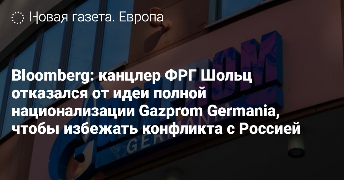 Канцлер ФРГ Олаф Шольц отказался от идеи полной национализации бывшего немецкого подразделения «Газпрома» Gazprom Germania, так как посчитал, что это «может разозлить президента России Владимира Путина» и привести к прекращению поставок российского газа, сообщает Bloomberg со ссылкой на источники.
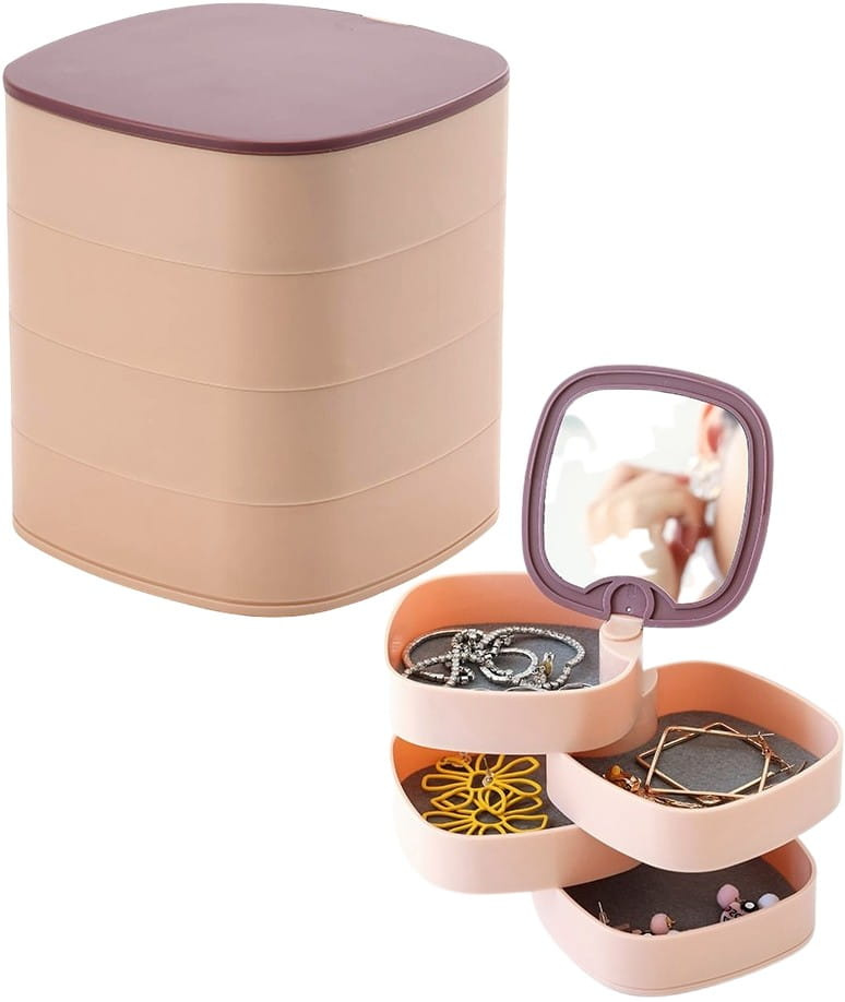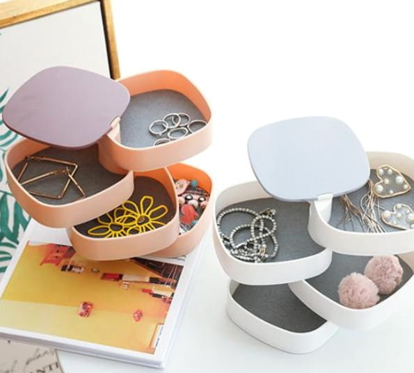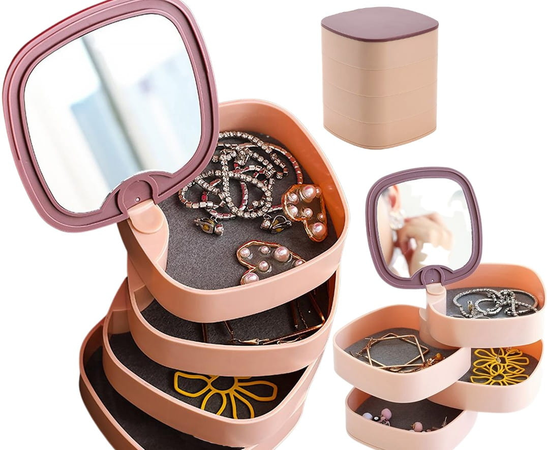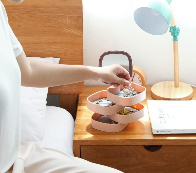 O oglindă cu mărire ușoară este atașată la capacul de dedesubt. Această cutie rotativă de depozitare a bijuteriilor este foarte practică și este o modalitate ușoară de a scoate din ea produsele de bijuterii de care aveți nevoie.
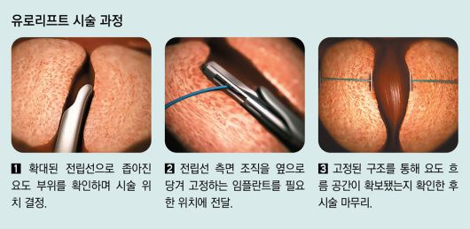 유로리프트는 전립선비대증으로 좁아진 요도 공간을 전립선 측엽을 고정해 확보하는 비절개 방식 치료로 조직을 절제하지 않고 시술한다. |
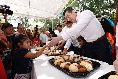 El Gobernador partió la tradicional Rosca de Reyes y entregó juguetes a niñas y niños
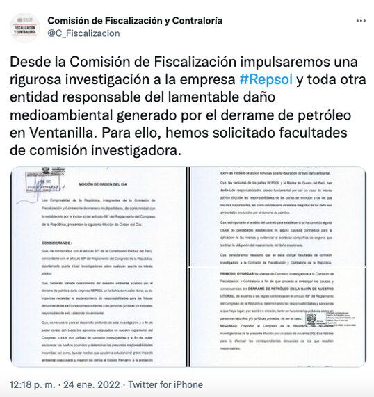 “Impulsaremos una rigurosa investigación a la empresa Repsol y toda otra entidad responsable del lamentable daño medioambiental generado por el derrame de petróleo en Ventanilla. Para ello, hemos solicitado facultades de comisión investigadora”, comunicó la Comisión de Fiscalización el último lunes.

***

Work item
Beginning with the line containing "O oglindă cu" and ending with the last line of the listing above, output those lines exactly as written, without pictures.

Result
 O oglindă cu mărire ușoară este atașată la capacul de dedesubt. Această cutie rotativă de depozitare a bijuteriilor este foarte practică și este o modalitate ușoară de a scoate din ea produsele de bijuterii de care aveți nevoie.
 유로리프트는 전립선비대증으로 좁아진 요도 공간을 전립선 측엽을 고정해 확보하는 비절개 방식 치료로 조직을 절제하지 않고 시술한다. |
 El Gobernador partió la tradicional Rosca de Reyes y entregó juguetes a niñas y niños
 “Impulsaremos una rigurosa investigación a la empresa Repsol y toda otra entidad responsable del lamentable daño medioambiental generado por el derrame de petróleo en Ventanilla. Para ello, hemos solicitado facultades de comisión investigadora”, comunicó la Comisión de Fiscalización el último lunes.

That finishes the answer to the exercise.